Data provided>

++++++++++

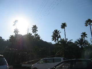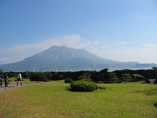 | その後国道226号を南下して指宿に向かった。11月でも夏のような日差し。街路樹も南国を思わせる。 | 指宿の「砂楽」という砂蒸し風呂の銭湯(?)へ。砂の中に埋まって入る不思議な温泉。10分が目安といわれたところ20分近く入っていたらおしりがヒリヒリしてしまった。 |
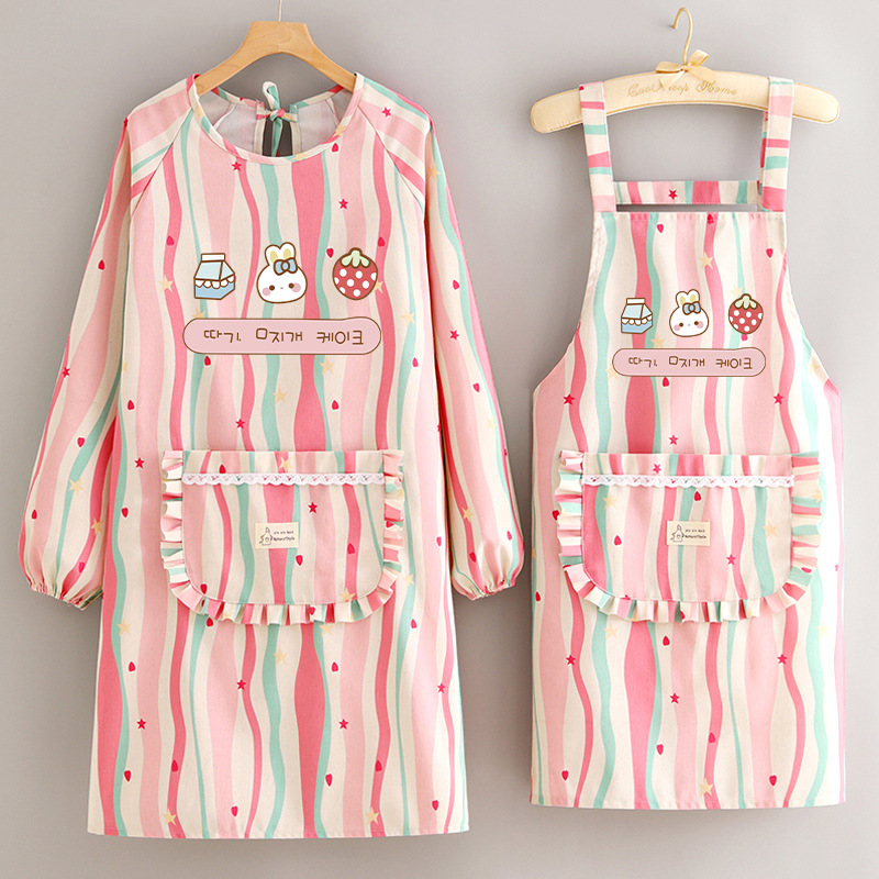 2024新型綿布通気エプロン夏の小清新家庭用キッチン料理韓国版女性ファッションウエスト
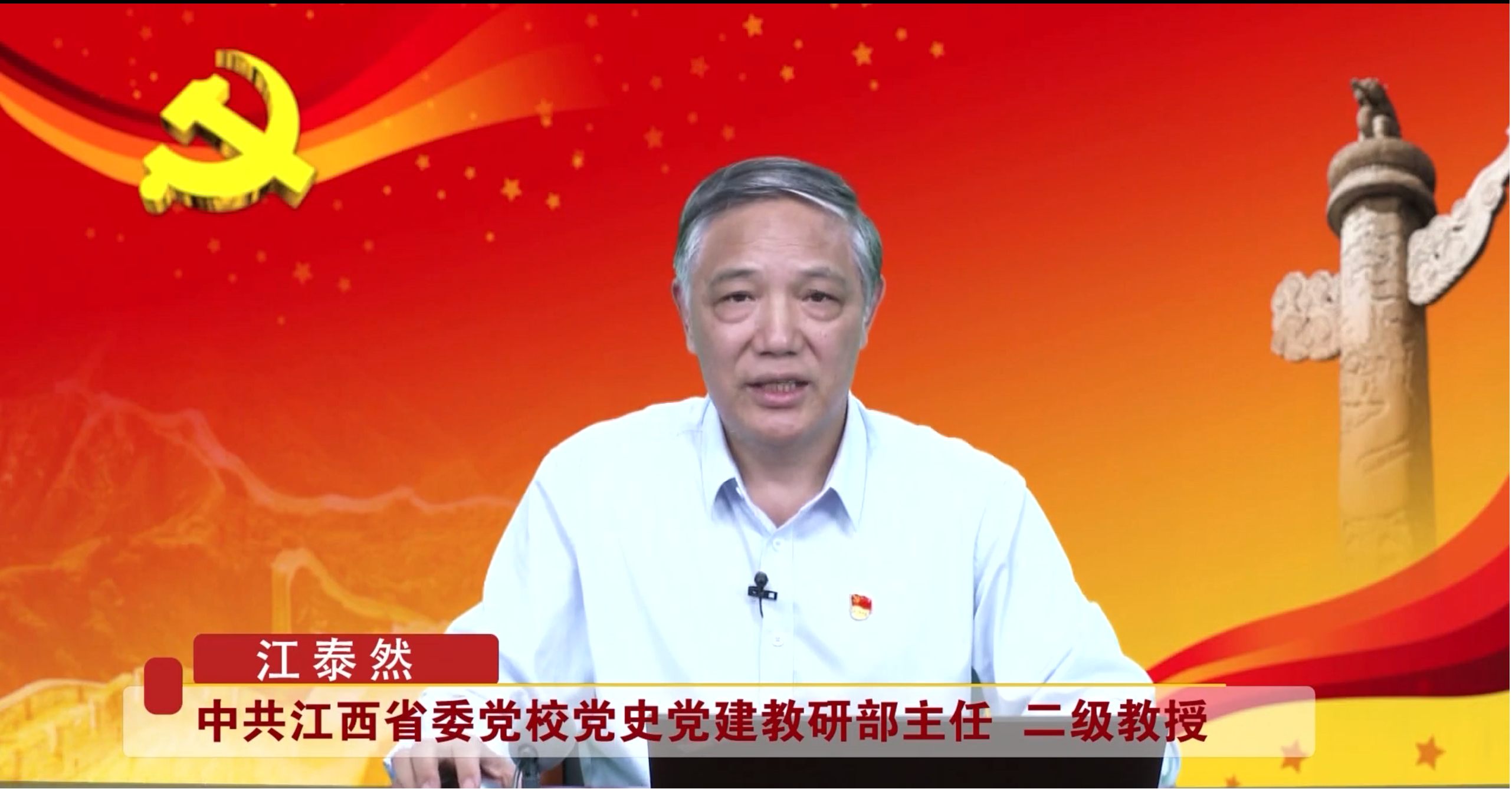 第一讲是由中共江西省委党校党史党建教研部主任、二级教授江泰然围绕“坚持不懈用习近平新时代中国特色社会主义思想凝心铸魂”这一主题展开,教育引导广大党员同志要以凝心铸魂筑牢根本,坚定对马克思主义的信仰、对中国特色社会主义的信念、对实现中华民族伟大复兴中国梦的信心,筑牢信仰之基、补足精神之钙、把稳思想之舵。
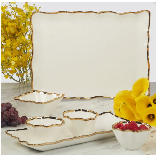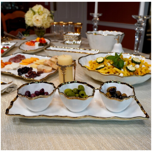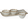 The Regency Gold 4pc Tray and Condiment Set is the epitome of elegance and practicality. This beautifully crafted set includes a stylish tray and three condiment bowls, all adorned with delicate gold accents. Perfect for serving sauces, dips, or small snacks, this set will impress your guests and heighten your entertaining style.

++++++++++

Exercise requirements>
Print the listing word for word but skip its pictures.

Problem solution>
 | その後国道226号を南下して指宿に向かった。11月でも夏のような日差し。街路樹も南国を思わせる。 | 指宿の「砂楽」という砂蒸し風呂の銭湯(?)へ。砂の中に埋まって入る不思議な温泉。10分が目安といわれたところ20分近く入っていたらおしりがヒリヒリしてしまった。 |
 2024新型綿布通気エプロン夏の小清新家庭用キッチン料理韓国版女性ファッションウエスト
 第一讲是由中共江西省委党校党史党建教研部主任、二级教授江泰然围绕“坚持不懈用习近平新时代中国特色社会主义思想凝心铸魂”这一主题展开,教育引导广大党员同志要以凝心铸魂筑牢根本,坚定对马克思主义的信仰、对中国特色社会主义的信念、对实现中华民族伟大复兴中国梦的信心,筑牢信仰之基、补足精神之钙、把稳思想之舵。
 The Regency Gold 4pc Tray and Condiment Set is the epitome of elegance and practicality. This beautifully crafted set includes a stylish tray and three condiment bowls, all adorned with delicate gold accents. Perfect for serving sauces, dips, or small snacks, this set will impress your guests and heighten your entertaining style.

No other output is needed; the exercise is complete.